If a scaffold or platform, deck at 18' max. The 14' trestle top rung goes to 22' but seemed 21' was ideal for the traditional "straddle" position. Scaffolds that can straddle a row or more of seats - I.e.no bracing within 33 or 34" of floor - are rare. Crew who installed used a ladder and tied off to joists and crawled across room. I personally can't work from the top like that (let alone crawling across a joist).

A catwalk was of course the right answer but before I was involved, a lawyer thought carwalks were not safe, so the final design of the building's structure does not have the capacity to support one continuous batten for lights, let alone a catwalk. The cost of footings, columns, and a 70' spanning catwalk was over $100,000 in an under $1m project for everything inside the shell.


----------



## JChenault (Oct 30, 2014)

Bill

If it is for house lights sounds like an LED solution might make sense. Ie if I have to fix them every five to 10 years I could rent or set up scaffolding

If this is for FOH lighting, have you considered a bosuns chair such as the ones by Sapsis? ( they made a bosuns cage for our space that works well ).


----------



## BillConnerFASTC (Oct 30, 2014)

I've considered both, they can hire a company to relamp all 30 or souonce a year for under $1000. At around $1000 per LED house light p!us install and data, hard to justify. It was their choice, and they have not done year 1 relamping and have 5 out, so I thought the trestle ladder would be an option.

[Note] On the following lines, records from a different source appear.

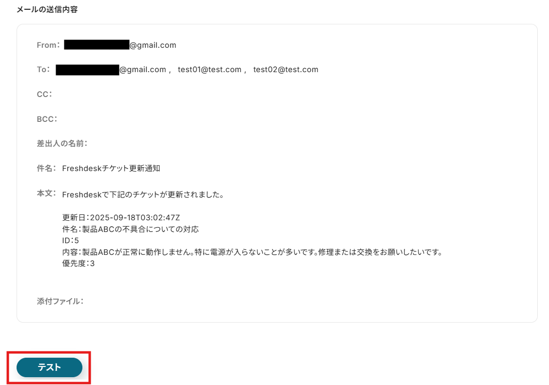 最後に、Freshdeskでチケットが更新されたことをGmailで通知する設定を行います。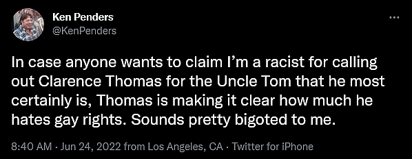 Receiving immediate backlash and accusations of racism to his post, Penders doubled down, pushing back against his critics, “In case anyone wants to claim I’m a racist for calling out Clarence Thomas for the Uncle Tom that he most certainly is, Thomas is making it clear how much he hates gay rights.”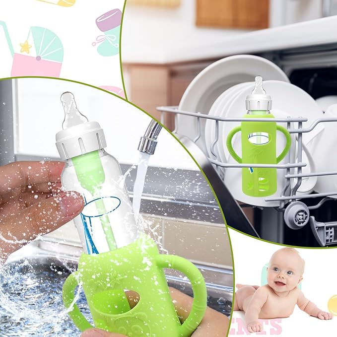 • Unique Designed for Baby Bottles - The silicone sleeves for Dr. Brown's Baby Bottles can against drop down,bumps and scratches. These are a must essential product for using glass baby bottles. They provide a more sturdy protection for glass baby bottle from breaking if dropped, which also unique handle design shape make it easier to grip and hold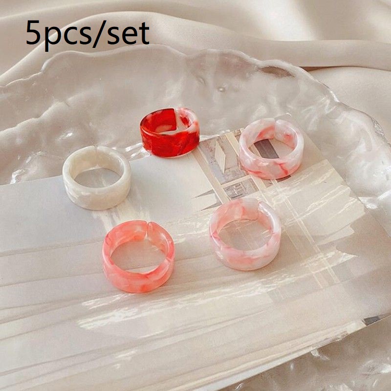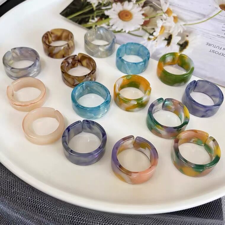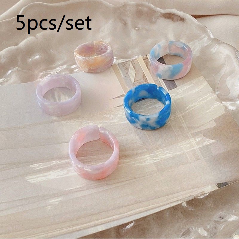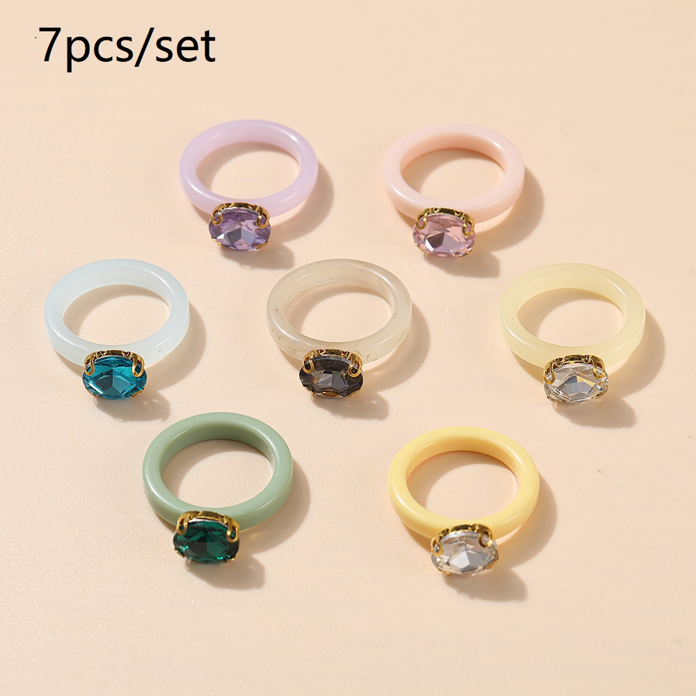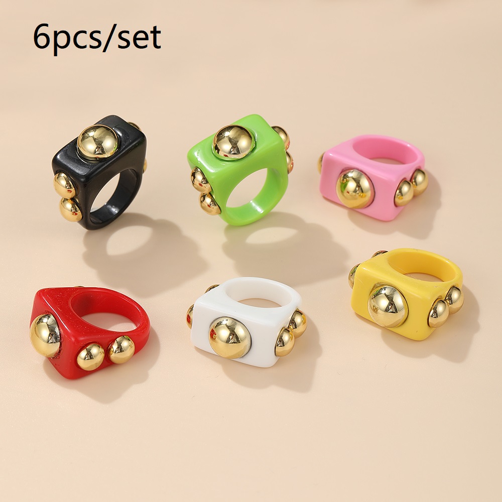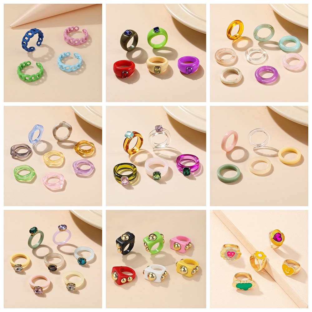 แหวน อะคริลิก เรซิ่น เนื้อใส ทรงกลม ทรงเหลี่ยม หลากสี 8 ชิ้น/ชุด สำหรับผู้หญิง

The only foh stage lighting are 6 S4 LED with intent of being a color front wash and one stopped working. (There are other quartz front lights that are accesible - just felt this best for angle was worth having.) 

Structural engineer said no to bosun chair load on structure. See above. Plus hard to get on and off and comply with OSHA - would need a scissor lift that was lowered after boarding bosun chair.

Genie AWP with straddle does not go close to wall, so not a comp!eye solution. Booms too heavy and expensive. I need to see if the Genie run about with the basket that extends extends far enough to get over seats - for foh - not house.

The trestle solve all conditions except being easy.

Will have to look at two devices but hardly place to store one and no money for much!ore then trestle ladder.


----------



## egilson1 (Dec 11, 2014)

So I was wrong.

I found a FAQ section on the Werner web page that addressed the specific topic of climbing the extension portion of the ladder. In the response to the question, they approve the ability to climb the extension as long as you do not go above the top 4 rungs. With this info in hand, I had a conversation with my local OSHA inspector yesterday about his opinion. He agreed that it was appropriate to climb the extension if you follow the guidelines of the manufacture.

One additional bit of info, if the extension is in the down position, with less than 2 rungs extending above the A-frame, you should treat the ladder like any other step ladder which means you can not use the top 2 rungs of the A-frame.

Hope this helps.

Ethan


----------